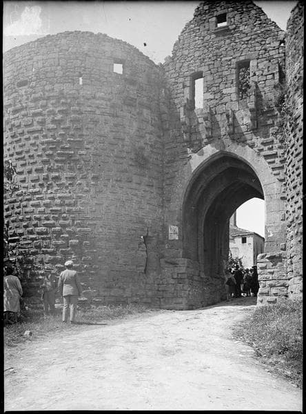 Au 13e siècle, la Guyenne et l'Agenais étant aux mains anglaises, le roi de France s'établit à Domme pour se défendre de ce voisinage. Une bastide royale fut créée et fortifiée. En 1347, le mont de Domme fut pris par les Anglais, mais repris l'année suivante par le sénéchal de Périgord. Le traité de Brétigny plaça cette forteresse sous suzeraineté anglaise, mais elle repoussa les attaques de 1370 à 1384. En 1417, Domme fut à nouveau occupée par les Anglais jusqu'en 1438. Pendant les guerres de Religion, Huguenots et Ligueurs prirent tour à tour la forteresse qui resta finalement aux Protestants jusqu'en 1592. ££Les remparts sont percés de trois portes : porte del Bos, porte de la Coumbo et porte des Tours. Bâtie en 1381 comme le reste de l'enceinte, cette dernière faisait pendant au double château qui couronnait la partie ouest. La porte est encadrée de deux tours massives, formée d'une longue voûte ogivale au sommet de laquelle deux ouvertures permettaient le passage des herses. Derrière chaque herse était une porte en bois qui se fermait par un système de ferrures et de poutres. Dans l'intervalle de ces deux portes, deux meurtrières en croix permettaient de défendre le passage. Une troisième est située dans la voûte. Des deux côtés des tours, une sorte de guérite fait saillie, servant de latrines à la garnison. Les chemins de ronde des plateformes permettent de passer d'une tour à l'autre, et datent probablement du 16e siècle, réalisés au cours des guerres de Religion.
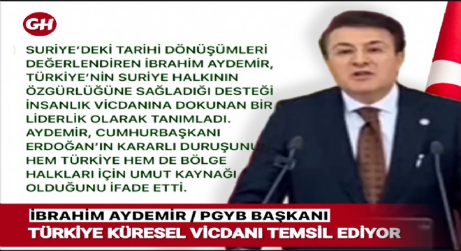 Aydemir, Suriye’de yaşanan tarihi dönüşümleri ve Türkiye’nin bu süreçteki liderlik rolünü değerlendirerek, Türkiye’nin Suriye halkının özgürlüğüne kavuşması için verdiği desteği “insanlık vicdanına dokunan bir liderlik” olarak nitelendirdi. Cumhurbaşkanı Erdoğan’ın kararlı tutumunun, sadece Türkiye için değil, bölge halkları için de umut kaynağı olduğunu belirtti.
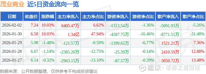 2月2日的资金流向数据方面,主力资金净流入6405.47万元,占总成交额6.62%,游资资金净流出1313.54万元,占总成交额1.36%,散户资金净流出5091.93万元,占总成交额5.26%。
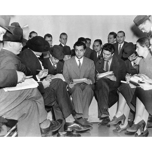 Orson Welles with reporters after the War of the Worlds radio broadcast, 1938 White Modern Wood Framed Art Print by Vintage Hollywood Archive
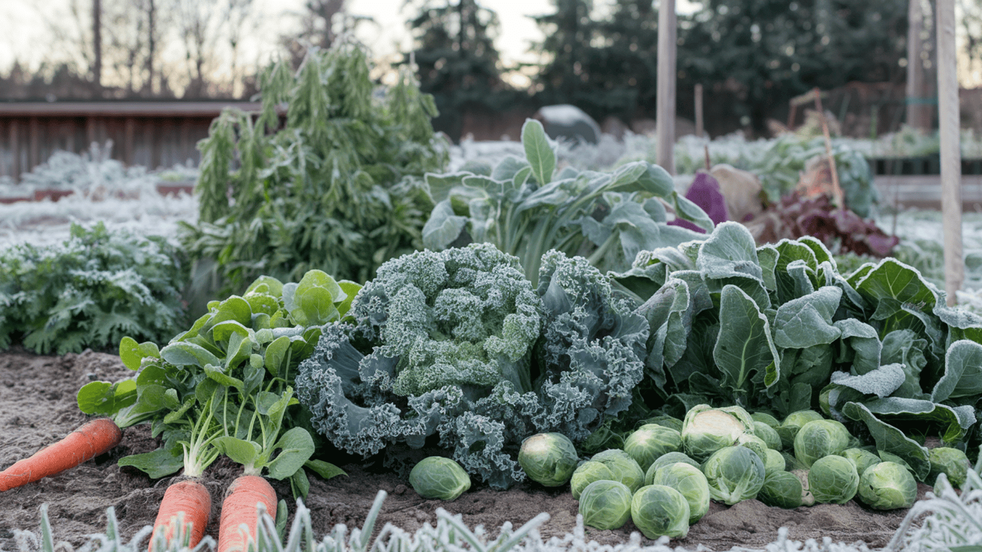 Root vegetables such as carrots, beets, and turnips grow underground and stay insulated from frost. Hardy crops like broccoli, Brussels sprouts, and cabbage can withstand freezing conditions.

◆ ◆ ◆ ◆

EXERCISE DESCRIPTION: From the line containing "2月2日的资金流向数据方面,主力资金净流" to the final line of the entries, both included, transcribe every line exactly, omit the pictures, and add nothing more.

YOUR RESPONSE:
 2月2日的资金流向数据方面,主力资金净流入6405.47万元,占总成交额6.62%,游资资金净流出1313.54万元,占总成交额1.36%,散户资金净流出5091.93万元,占总成交额5.26%。
 Orson Welles with reporters after the War of the Worlds radio broadcast, 1938 White Modern Wood Framed Art Print by Vintage Hollywood Archive
 Root vegetables such as carrots, beets, and turnips grow underground and stay insulated from frost. Hardy crops like broccoli, Brussels sprouts, and cabbage can withstand freezing conditions.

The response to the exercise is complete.